# Strawberry moscato dessert wine



## Mazaruni (Jun 11, 2020)

Hi Folks, I'm a week or two away from strawberry season and I'm making up a recipe for my first dessert wine. I was thinking of getting one of those concentrate kits for 1 gallon of moscato and using them together. Maybe go for 25% of the alcohol to come from the concentrate and the rest from the strawberries, so the moscato doesn't overpower. I guess people use EC-1118 for it's high alcohol tolerance. 

I'm wondering if I should add this moscato at initially or near the end to reach the alcohol limit of the yeast. Also, how many pounds of strawberry per gallon? I would normally try 5-6 lb per gallon. I saw on this forum that some people use a lot more strawberry for dessert wine, but there is also the problem of too much tannin from the seeds.

Any advice as I build my recipe? Thanks!


----------



## sour_grapes (Jun 11, 2020)

Mazaruni said:


> Maybe go for 25% of the alcohol to come from the concentrate and the rest from the strawberries, so the moscato doesn't overpower.

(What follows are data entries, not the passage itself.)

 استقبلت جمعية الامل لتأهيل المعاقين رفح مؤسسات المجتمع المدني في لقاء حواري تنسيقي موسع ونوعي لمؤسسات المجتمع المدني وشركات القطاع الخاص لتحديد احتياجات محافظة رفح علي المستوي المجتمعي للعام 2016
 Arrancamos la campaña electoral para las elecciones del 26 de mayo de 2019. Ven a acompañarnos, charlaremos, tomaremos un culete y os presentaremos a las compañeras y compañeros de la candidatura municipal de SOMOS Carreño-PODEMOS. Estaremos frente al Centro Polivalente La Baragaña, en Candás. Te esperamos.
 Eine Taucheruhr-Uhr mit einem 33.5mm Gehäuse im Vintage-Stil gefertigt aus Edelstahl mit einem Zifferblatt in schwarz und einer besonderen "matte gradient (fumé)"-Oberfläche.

I am a bit confused. Strawberries don't have much sugar. The most you could get from strawberries is ~7% ABV. How are you planning to make a dessert wine?


----------



## Mazaruni (Jun 11, 2020)

Thanks for your comment, sour_grapes. I guess one raises the sugar at the beginning, either by adding sugar or moscato concentrate or a combination thereof. It sounds as if you are recommending against this idea.


----------



## sour_grapes (Jun 11, 2020)

No, no, I am not recommending against it. I think I was thrown by your "% of the _alcohol_" comment (emphasis added). I just did not see how it was possible to execute your plan as written. I now think your emphasis on alcohol was inadvertant.

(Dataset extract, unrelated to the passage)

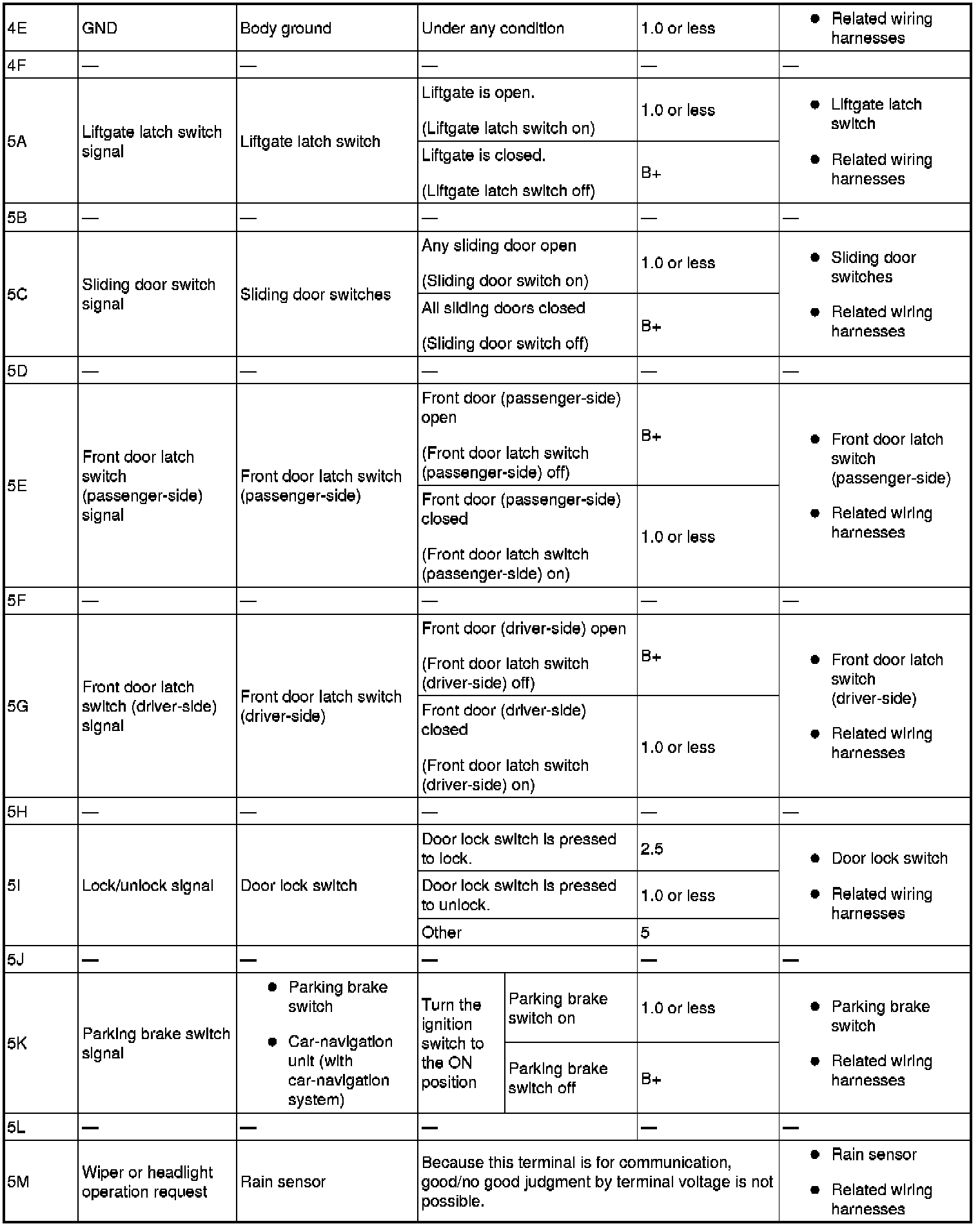 Terminal Voltage Table (Reference) (Part 5):

I think you are saying that you want a blend that is something like ~25% Moscato and ~75% strawberry country wine. And you will make it high-alcohol by chaptalization. If I have that all right, it sounds just lovely to me!


----------



## Mazaruni (Jun 11, 2020)

Ahh, I see what you mean, that it was confusing. I haven't quite determined the recipe, and also, I don't know how to make a dessert wine. But looks like there are some trade-offs, like:

Use mostly moscato concentrate initially to get to the right SG...but too much and it might overwhelm the strawberry flavor. 
Use mostly sugar initially to maintain strawberry flavor, but chapitalize with moscato concentrate...that might also be overwhelming.
Boost strawberry flavor by going to 7+ lbs per gallons, but that might add too much tannins from having more seeds.
I thought the concentrate would add a nice flavor and mouthfeel, but it could get overwhelming, so I'm trying to guess the best way to introduce it, and what proportion.


----------



## DizzyIzzy (Jun 12, 2020)

Mazaruni said:


> Hi Folks, I'm a week or two away from strawberry season and I'm making up a recipe for my first dessert wine. I was thinking of getting one of those concentrate kits for 1 gallon of moscato and using them together. Maybe go for 25% of the alcohol to come from the concentrate and the rest from the strawberries, so the moscato doesn't overpower. I guess people use EC-1118 for it's high alcohol tolerance.
> 
> I'm wondering if I should add this moscato at initially or near the end to reach the alcohol limit of the yeast. Also, how many pounds of strawberry per gallon? I would normally try 5-6 lb per gallon. I saw on this forum that some people use a lot more strawberry for dessert wine, but there is also the problem of too much tannin from the seeds.
> 
> Any advice as I build my recipe? Thanks!


Hi Mazaruni, with Amish strawberries coming on soon I ordered two cans of Vintner's Strawberry *Puree *(each makes 1 gallon of wine). To that I will add about 15# strawberries. I am hoping to get a real strawberry-tasting wine......at least that is the goal.............who knows as I am still new to this. Good luck to you with your strawberry wine.


----------



## DizzyIzzy (Jun 12, 2020)

Mazaruni, *BTW*.................Vintner's puree does *not *have any seeds. Thought you might want to know that.............Dizzy


----------



## Mazaruni (Jun 12, 2020)

Cool, I might try that! Thanks for the info on no seeds!


----------



## Mazaruni (Jun 22, 2020)

I've got 21 lbs of U-pick strawberries for my dessert wine adventure! A couple questions as I start processing them. I plan to freeze them before getting into the wine making.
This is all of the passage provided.